Problem statement – Lines from the one containing "其中,n是元组的个数,ai和" through the final line of the records below are needed, copied exactly, with no pictures.

Extracted data –
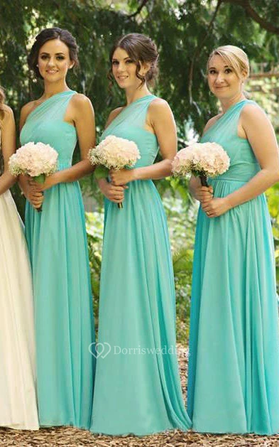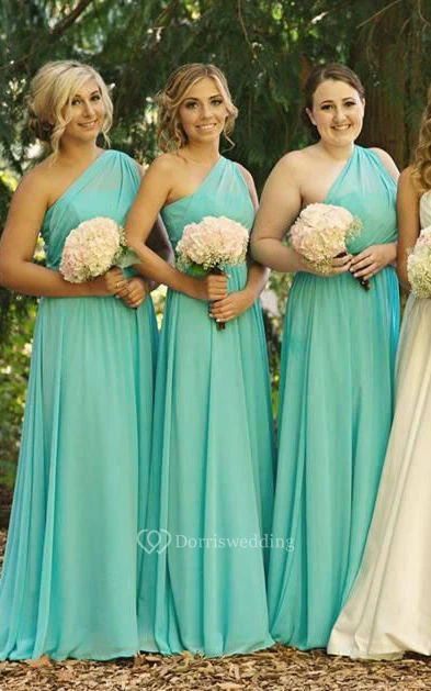 One-shoulder A-line Long Chiffon Dress with Pleats
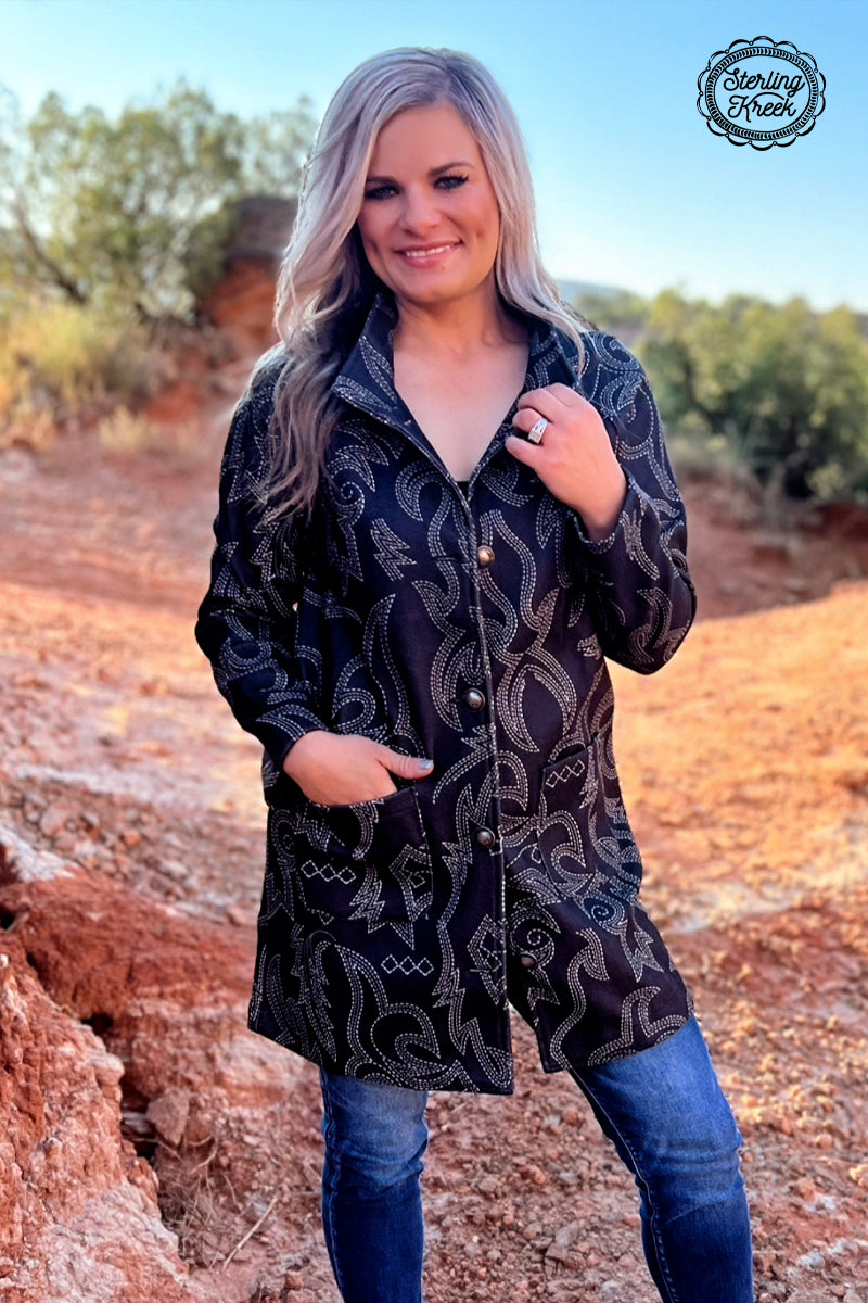 Saddle up and hit the town in style with our Midnight Rider Jacket. This black jacket features a unique cream boot stitch button up design, showcasing your love for Western flair. Get ready to turn some heads (and maybe even lasso a few compliments) in this one-of-a-kind piece.
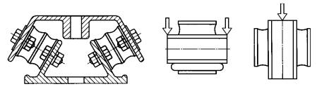 Рисунок 8 - Пример расположения центра масс тела, включающего в себя нагружающую массу и выходной фланец испытуемого объекта 5.2.5 Система возбуждения вибрации Система возбуждения вибрации должна обеспечивать динамическое воздействие на испытуемый объект в заданном направлении в заданном диапазоне частот. Примеры вибровозбудителей, позволяющих реализовать данное требование, приведены в 5.1.5. Примечание - В схемах с одним испытуемым виброизолятором (рисунки 5, 7) трудно обеспечить точное выполнение требования возбуждать колебания строго в направлении поперечной составляющей. Поэтому рекомендуется использовать схемы с двумя номинально эквивалентными испытуемыми виброизоляторами (рисунок 6) или применять несколько вибровозбудителей для подавления нежелательных составляющих вибрации. 5.2.6 Масса распределения возбуждения на входной поверхности Масса распределения возбуждения на входной поверхности испытуемого объекта предназначена для выполнения следующих функций: a) обеспечения равномерного распределения вибрационного возбуждения по поверхности фланца; b) облегчения создания однонаправленного возбуждения (см. примечание). Массу распределения возбуждения не применяют, если испытуемый объект включает в себя жесткий входной фланец, обеспечивающий выполнение вышеуказанных функций. Примечание - Важным условием при измерении динамической жесткости в соответствии с настоящим стандартом (см. 6.4) является возбуждение преимущественно однонаправленного поступательного движения входной поверхности испытуемого объекта. При возбуждении поперечной составляющей выполнению данного условия могут способствовать: a) симметричность направления возбуждения и граничных условий масс распределения возбуждения (см. рисунок 6); b) инерционные свойства массы распределения возбуждения. В некоторых случаях для предотвращения движения в нежелательном направлении необходимо применять дополнительные связи (направляющие движения). 5.3 Подавление нежелательной вибрации 5.3.1 Общие положения Метод измерения переходной динамической жесткости, установленный в настоящем стандарте, предполагает приложение однонаправленного возбуждения поочередно в направлениях нормальной и поперечной составляющих. Однако несимметричность возбуждения, граничных условий или свойств испытуемого объекта может вызвать появление нежелательных составляющих вибрации, искажающих результаты измерений на определенных частотах. Одним из способов уменьшения этого эффекта является использование испытательной установки специального типа с симметричной конфигурацией, предусматривающей установку двух идентичных объектов испытаний, имеющих одинаковую номинальную жесткость. Количественные требования к ограничению нежелательной вибрации приведены в 6.4. 5.3.2 Нормальная составляющая поступательного движения При возбуждении вибрации в направлении нормальной составляющей контроль направления возбуждения важен только для опор сложной формы, когда имеет место взаимосвязь колебаний в разных направлениях (см. примечание к 5.1.6). В этом случае для подавления нежелательной составляющей входного возбуждения используют следующие способы: - симметричное расположение вибровозбудителя или пар вибровозбудителей относительно испытуемого объекта; - массу распреде
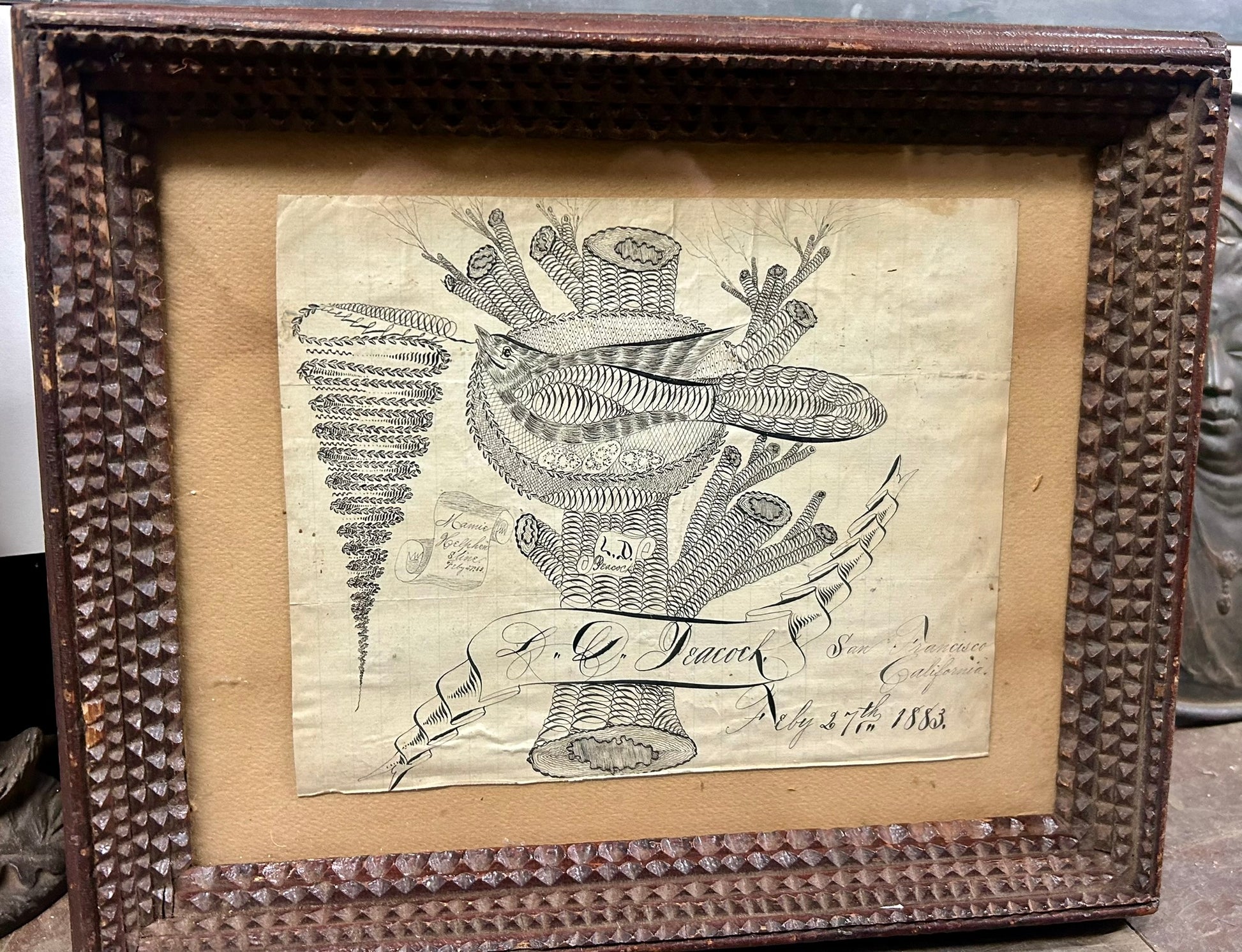 CALLIGRAPHY ANTIQUE BIRD IN NEST 1883 SAN FRANCISCO PEN AND INK DRAWING IN TRAMP ART WOOD FRAME 8" X 9 1/2" IMAGE ONLY AND INCLUDING FRAME 12" X 14". CALL OR TEXT FOR MORE INFORMATION
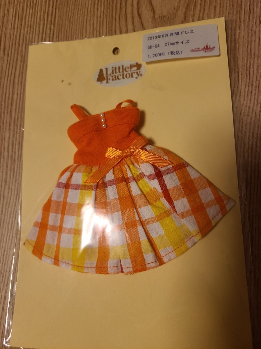> リカちゃんキャッスル リトルファクトリー ジェニー 2013年6月 月間ドレス 27cmサイズ GD-55 オレンジ チェック ワンピース
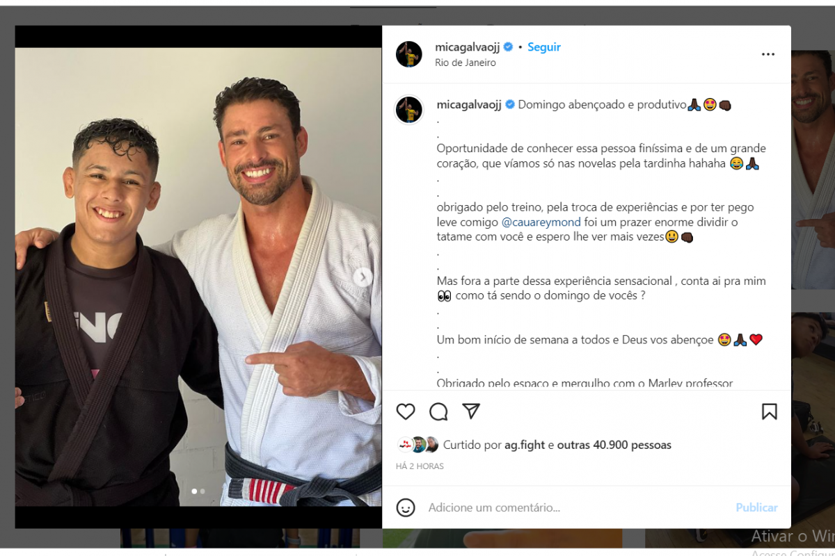 “Domingo abençoado e produtivo. Oportunidade de conhecer essa pessoa finíssima e de um grande coração, que víamos só nas novelas pela tardinha hahaha. Obrigado pelo treino, pela troca de experiências e por ter pego leve comigo Cauã Reymond. Foi um prazer enorme dividir o tatame com você e espero lhe ver mais vezes”, escreveu Mica na legenda do post.
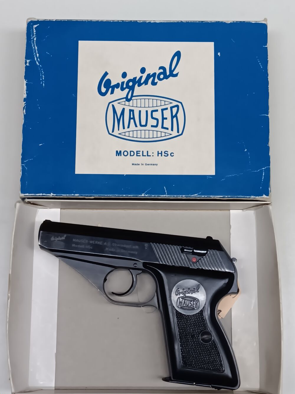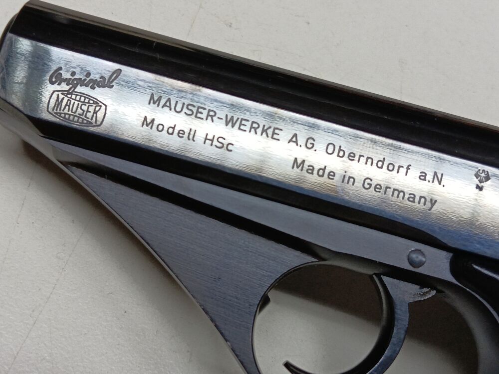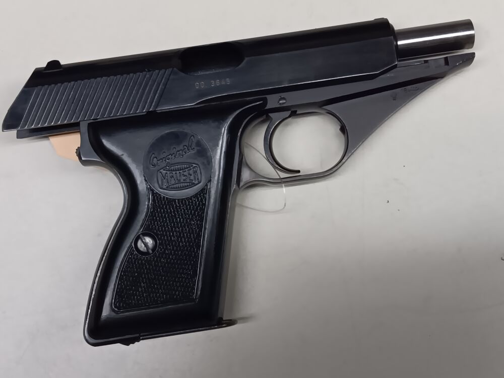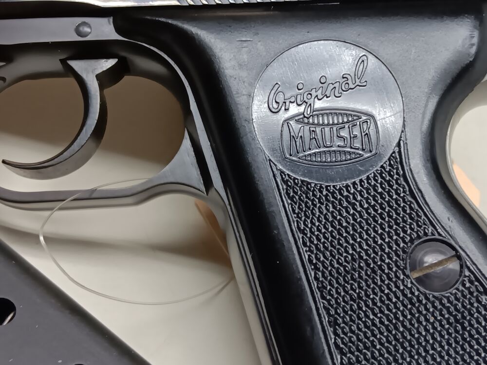 Ganzstahlpistole mit einem 8,5 cm langen spiegelblanken Lauf , Gesamtlänge 16,5 cm , Visierlänge 12,5 cm , seitenverschiebbare Kimme , festes Dachkorn , Double-Action Abzug , außenliegender Hahn , originales Stahlblechmagazin mit Mauser-Bodenstempel für 8 Patronen , originale Kunststoffgriffschalen mit Mauser-Beschriftung , vollständige und fast makellose Originalbrünierung , nummerngleich , Deutscher Beschuß von 1968 , Pistole wird in der Originalschachtel geliefert
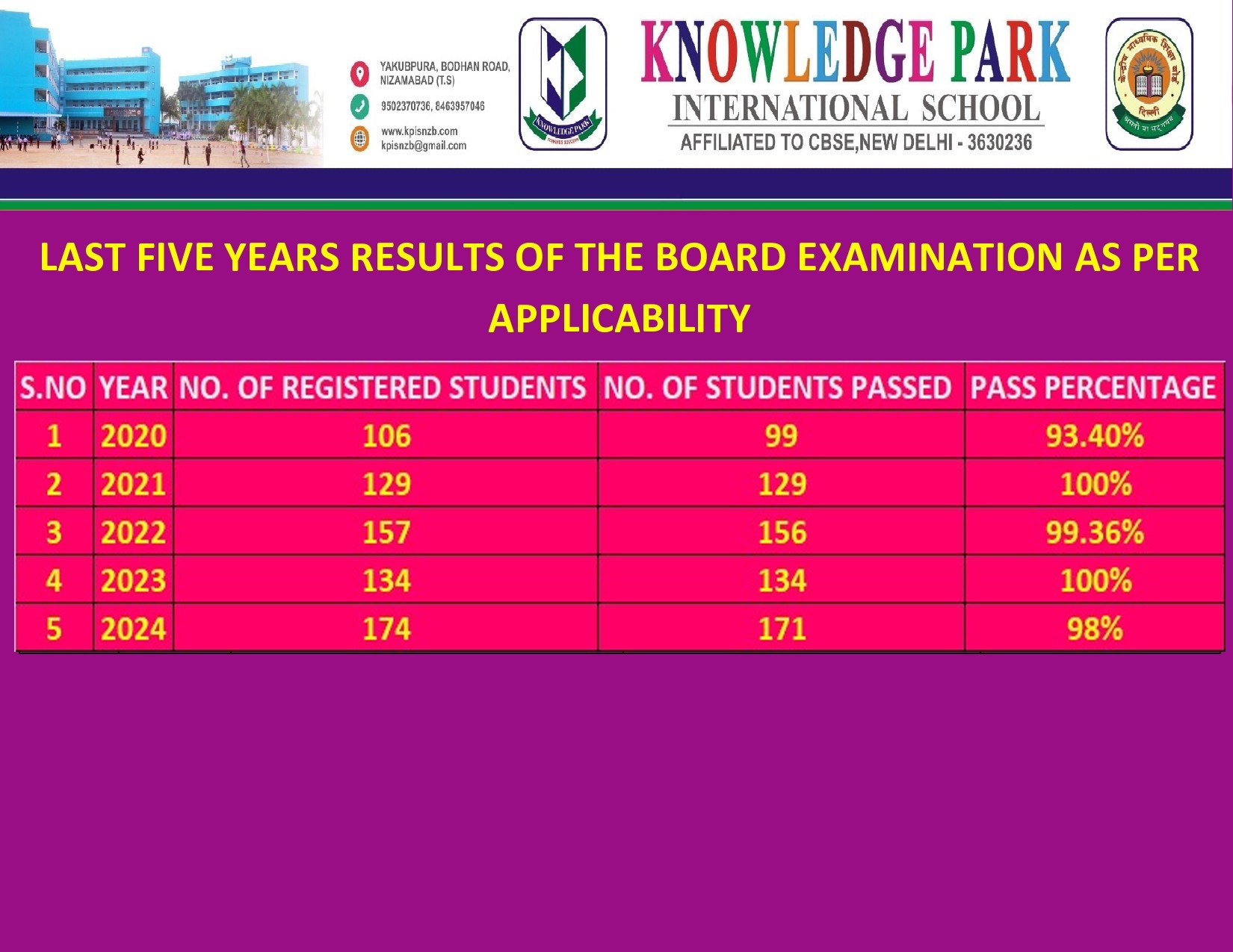 SL NO. | YEAR | NO. OF REGISTERED STUDENTS | NO. OF STUDENTS PASSED | PASS PERCENTAGE | REMARKS |
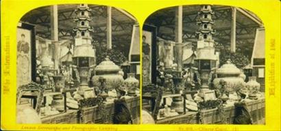 其中1862年倫敦世博會(huì)中國館立體照片,是迄今為止發(fā)現(xiàn)的世博會(huì)上有關(guān)中國館的最早的原版照片,彌足珍貴。照片由兩張一模一樣的正方形泛黃蛋白照組成。每張大小約在10厘米。底下一行英文小字顯示,照片由當(dāng)年的倫敦立體攝影公司制作完成。
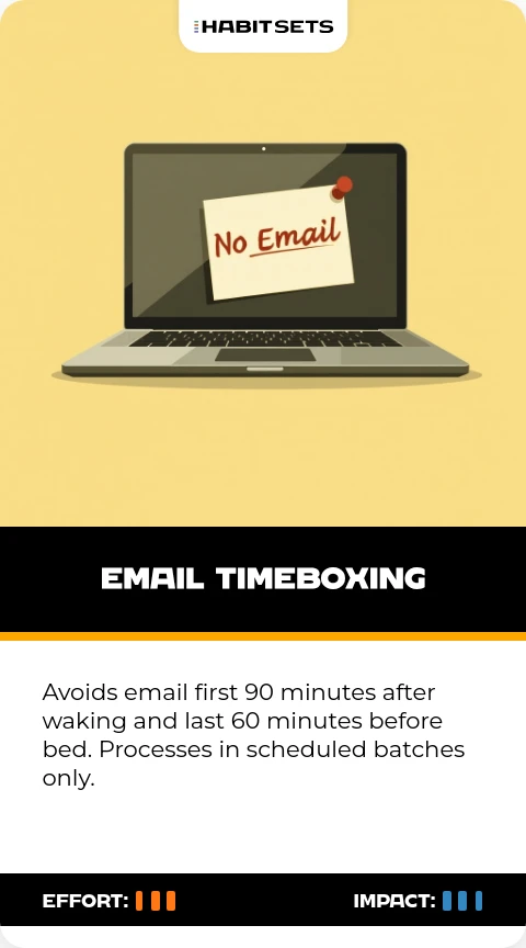 Avoids email first 90 minutes after waking and last 60 minutes before bed. Processes in scheduled batches only.
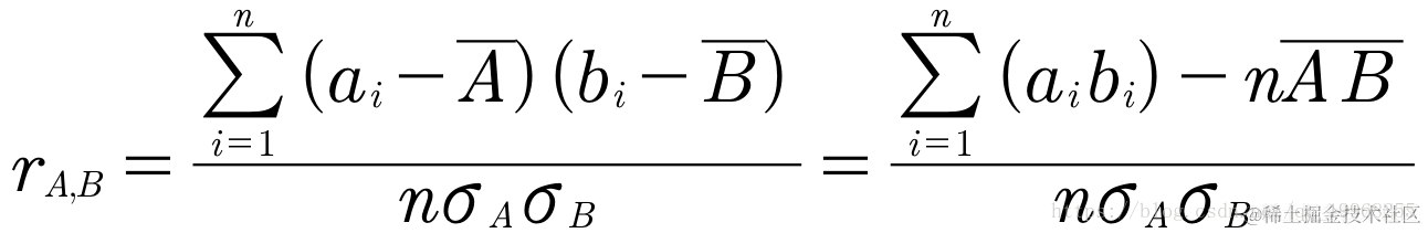 其中,n是元组的个数,ai和bi分别是元组i在A和B上的值,和分别是A和B的均值,和分别是A和B的标准差,而
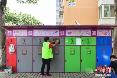 北京一居民小区使用新型分类垃圾桶。中新社记者 侯宇 摄

Answer space –
 其中,n是元组的个数,ai和bi分别是元组i在A和B上的值,和分别是A和B的均值,和分别是A和B的标准差,而
 北京一居民小区使用新型分类垃圾桶。中新社记者 侯宇 摄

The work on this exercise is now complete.